**Available data**:

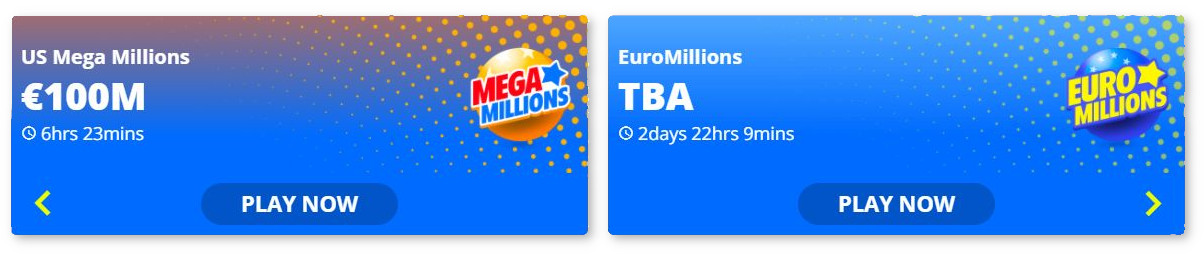There are about 20 international lottery draws to bet on. You'll find the lotto name, host country, current jackpot, and next draw time on the site.
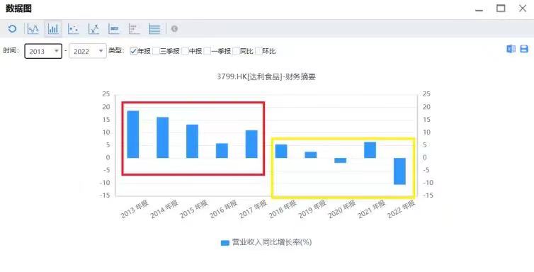 疫情與原材料價格的上漲,或許對營收下降造成一定影響。但達(dá)利食品近5年的營業(yè)收入年均復(fù)合增長率低于上市初期的年均復(fù)合增長率也同時表明,其現(xiàn)在發(fā)展的確有點慢。
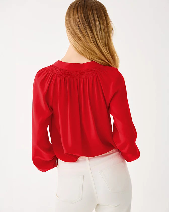 Featuring dramatically puffed sleeves, an optional tie at the neck, delicate stitch detailing, and a pretty button-front placket, our Navi top in midnight blue chambray brings an elegant touch of punk-rock femininity to the tailored Crawford mini skirt, pictured here in tonal navy denim. It’s a refined, modern take on denim-on-denim dressing.
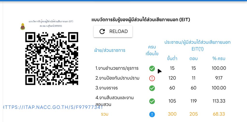 ประชาสัมพันธ์ แบบวัด EIT ของหน่วยงาน แสดงไว้หน้าหลักของเว็บไซต์

**What needs to be done**:
Output all the data above verbatim, leaving out images.

**Solution to this exercise**:
There are about 20 international lottery draws to bet on. You'll find the lotto name, host country, current jackpot, and next draw time on the site.
 疫情與原材料價格的上漲,或許對營收下降造成一定影響。但達(dá)利食品近5年的營業(yè)收入年均復(fù)合增長率低于上市初期的年均復(fù)合增長率也同時表明,其現(xiàn)在發(fā)展的確有點慢。
 Featuring dramatically puffed sleeves, an optional tie at the neck, delicate stitch detailing, and a pretty button-front placket, our Navi top in midnight blue chambray brings an elegant touch of punk-rock femininity to the tailored Crawford mini skirt, pictured here in tonal navy denim. It’s a refined, modern take on denim-on-denim dressing.
 ประชาสัมพันธ์ แบบวัด EIT ของหน่วยงาน แสดงไว้หน้าหลักของเว็บไซต์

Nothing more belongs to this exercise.